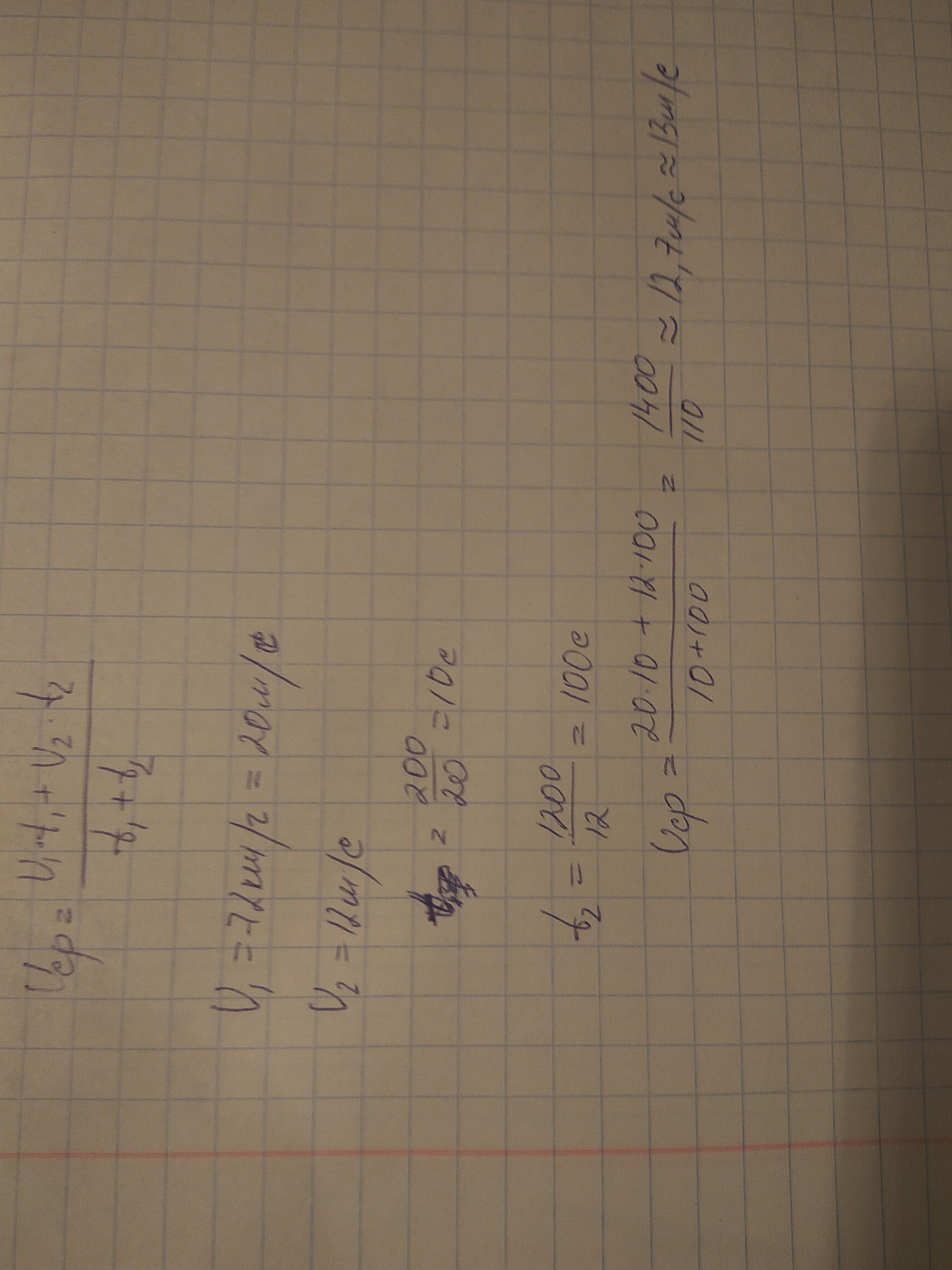 первые 200 м автомобиль проехал со скоростью 72 км/ч , а следующие 1,2 км - со скоростью 12м/с . Сему равна соедняя скорость движения
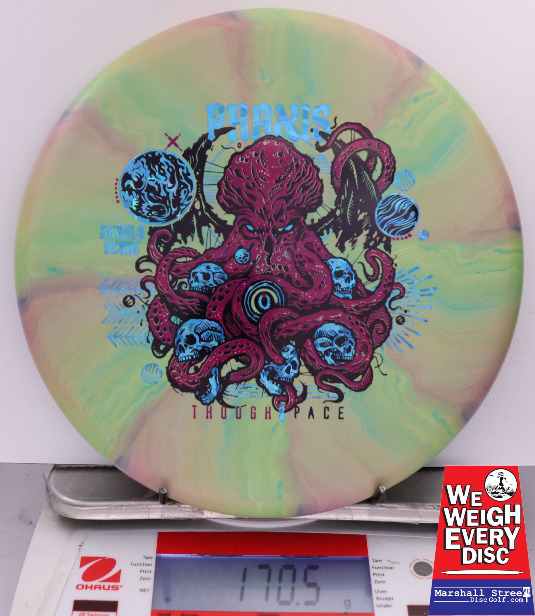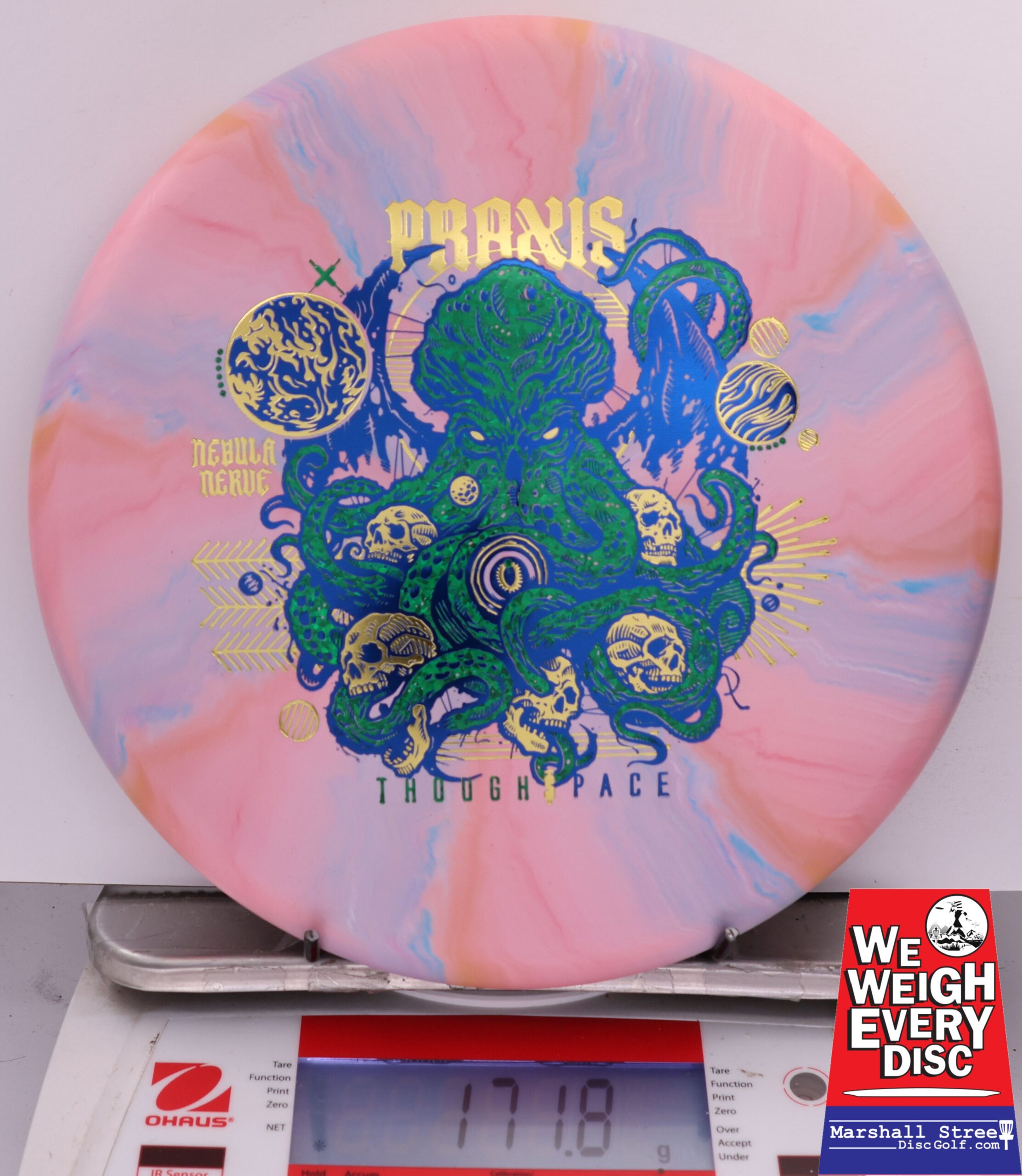 Experience unparalleled precision and comfort with the Nebula Nerve Praxis putter, engineered for disc golfers seeking a perfect blend of stunning grip and versatility on the course.
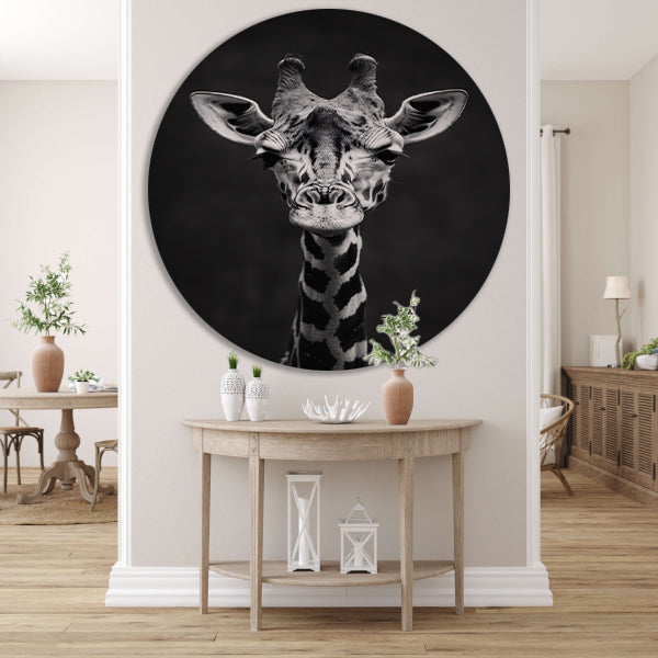 Breng de schoonheid en gratie van de natuur in huis met deze prachtige zwart-wit giraf muurcirkel.
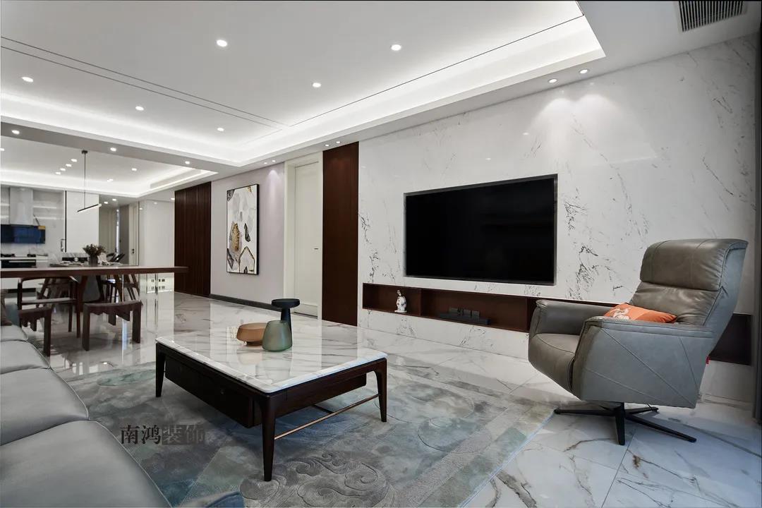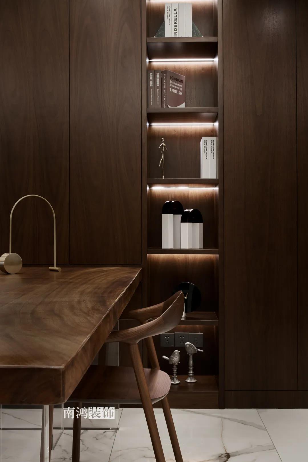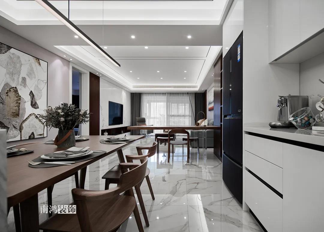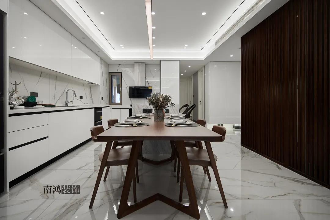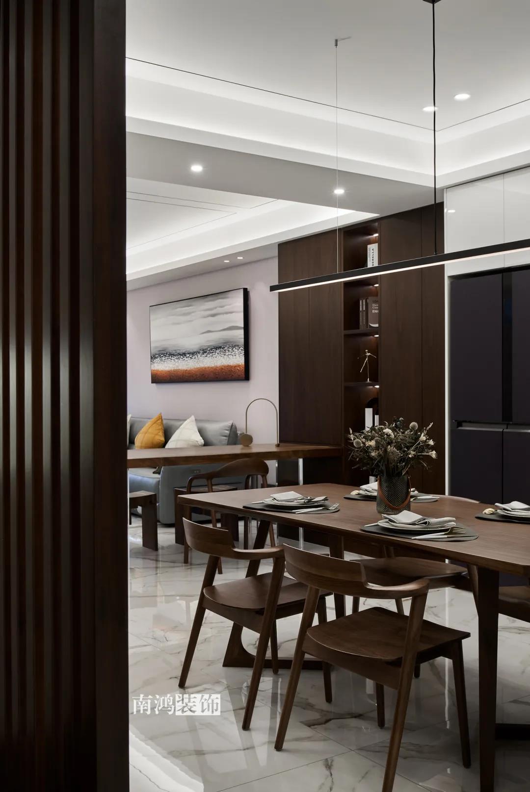 192㎡三室兩廳,胡桃木引領(lǐng)潮流,開(kāi)放式餐廚是真的香!
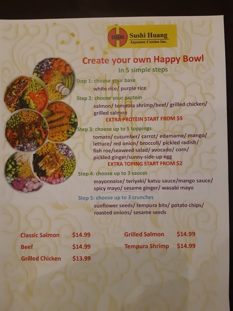 Sushi Huang specializes in authentic Japanese cuisine, offering a diverse menu filled with delectable options for sushi lovers and newcomers alike. Indulge in their Jumbo Size Special Roll, the tantalizing TNT Roll, or savor the richness of the Shrimp Tempura Roll—a delightful combination of crispy shrimp tempura, fresh cucumber, refreshing lettuce, and flavorful mayo. With each roll priced at CA$11.99, you'll find an exquisite blend of flavors and textures that elevate your dining experience.
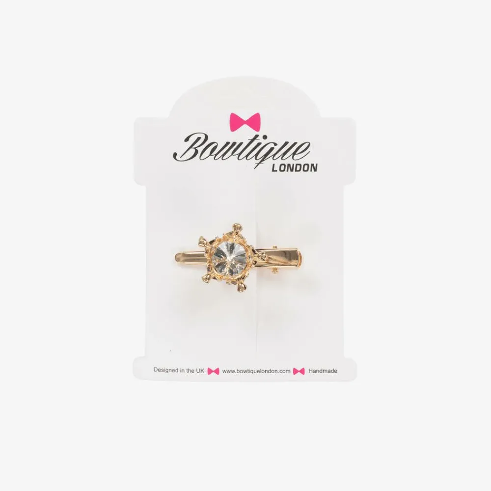 Lovely for glamorous occasions, this golden hair clip for girls is by Bowtique London. The crown design has a sparkly jewel centre and diamanté decorations for added shine. It has an easy-to-use metal clip fastening.
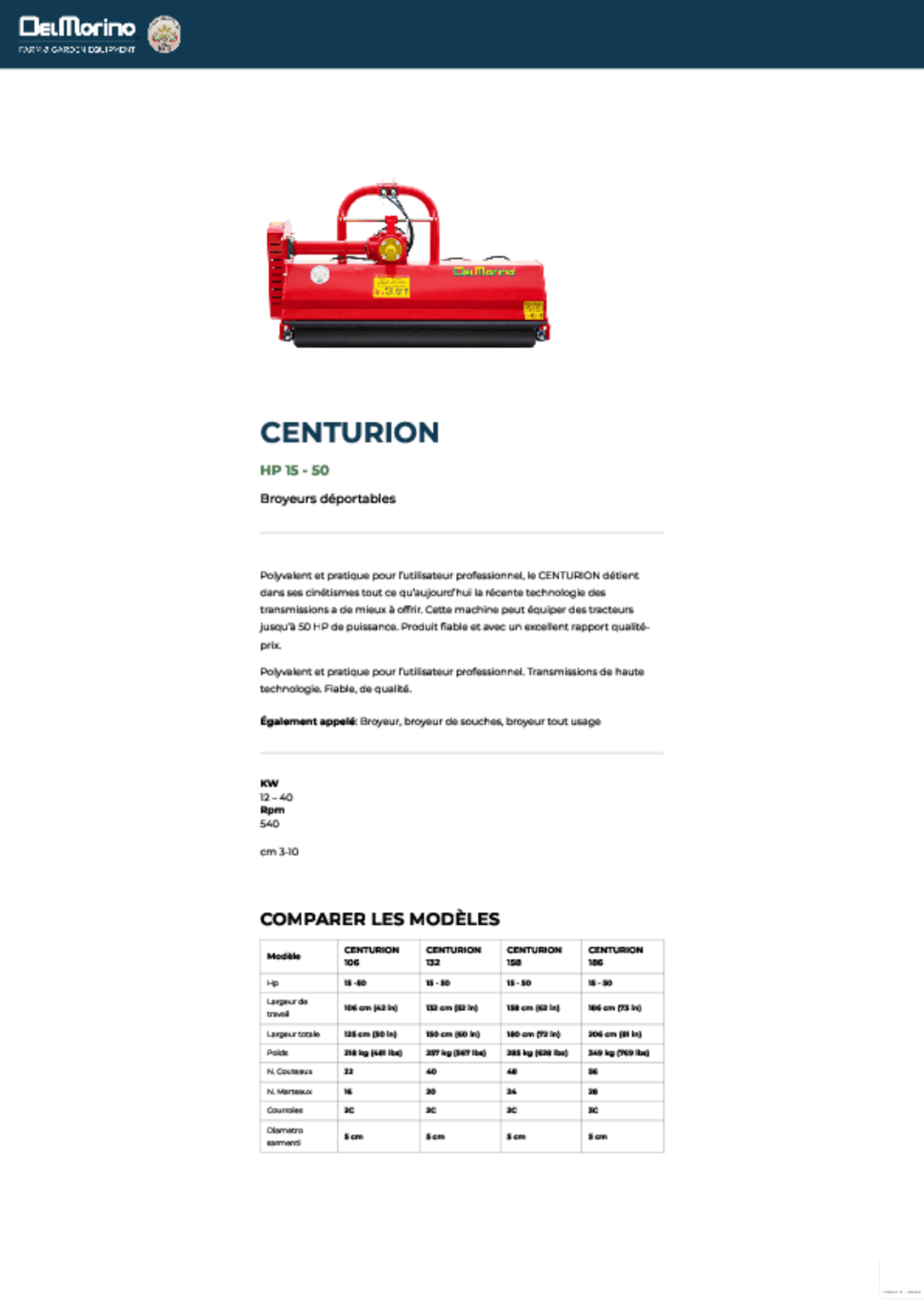Equipement standard : - Attelage à 3 points catégorie 1 - Boitier en fonte 540 t/min avec roue libre.

───

What you need to copy is the run of lines from the one holding "Lovely for glamorous" through the end of the data, exactly and only, both ends included, pictures omitted.

 Lovely for glamorous occasions, this golden hair clip for girls is by Bowtique London. The crown design has a sparkly jewel centre and diamanté decorations for added shine. It has an easy-to-use metal clip fastening.
Equipement standard : - Attelage à 3 points catégorie 1 - Boitier en fonte 540 t/min avec roue libre.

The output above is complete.